HAVE INVENTORS ANY RIGHTS?

The Manufacturers’ Gazette, referring to recent bills passed by the House nullifying the rightsof patentees, and other hostile legislation now before both branches of the national legislature, says :

“The moment any such legislation as this takes effect, our mechanical progress will be in its decadence. Why not pass one more law, that hereafter no patents shall be allowed to anybody for any length of time, and thus stop the outlay for the patent office, patent lawyers, etc., and that no future litigation shall be had as to rights vested in patents ? Thus cutting the whole thing down and wiping out at one fell stroke millions of dollars of property, or what has been supposed to be property, and also wiping out totally one of the strongest branches of American industry, the inventors and perfecting mechanics.
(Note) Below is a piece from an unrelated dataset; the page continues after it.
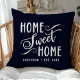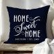 Bring warmth and charm to your home with this personalised navy blue "Home Sweet Home" throw pillow. The elegant script and customisable family name create a welcoming touch for your living room or bedroom. The deep navy colour adds a touch of sophistication to any home décor style.
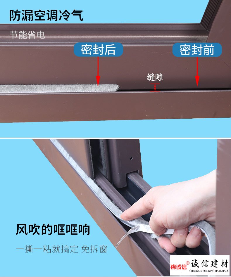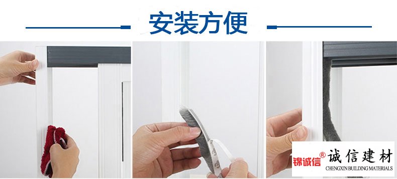 安裝方便,首先清潔被粘貼表面,按需用剪刀裁截密封毛條,揭下一小段背貼離型紙,邊貼邊撕下離型紙,將密封毛條沿著框向下延伸,并不斷壓緊毛條即可安裝成功。

We might as well do the thing right while we are are about it ; wipe out everything that refers to it ; let them start again, but make the thing sure that no man has rights that another one is bound to respect.”

The St. Louis Miller, speaking of the bill of Mr. Ray (H. R. 1081) of New York, before the House, says :

“ There is a vast deal of twaddle in many of the arguments of those who try to break down Government grants of rights and franchises on the ground that monopoly should be discouraged. The people at large are quite indifferent as to the cost of a public benefit, until after it is secured. Then they too often seek to prevent the originators of the benefits from reaping any permanent or extended profits therefrom. The public is totally conscienceless on this point, and is ready to evade the terms of a distinct contract whenever it can be done in a slightly roundabout _____aiy. The repeated and continuous attacks upon the effectiveness of our patent law which has been made in Congress after Congress are abundantly illustrative of the spirit to which we allude. * * * Under this proposed law some piratical adventurers with a little money could readily inform themselves regarding a few meritorious articles just patented by poor and obscure inventors, could quickly manufacture immense stocks of the goods, and could then throw them on the market so suddenly and extensively that stopping the traffic by the service of notice would be simply impossible. Moreover, honorable manufacturers who might be willing to allow inventors a reasonable royalty would be afraid to make a bargain for the legitimate production of the patented novelties. They would fear to do so lest others less honorable might be even then secretly making the same goods, and might soon flood the country with them. The New Yorker’s bill is an unjust one, and should be forever tabled.”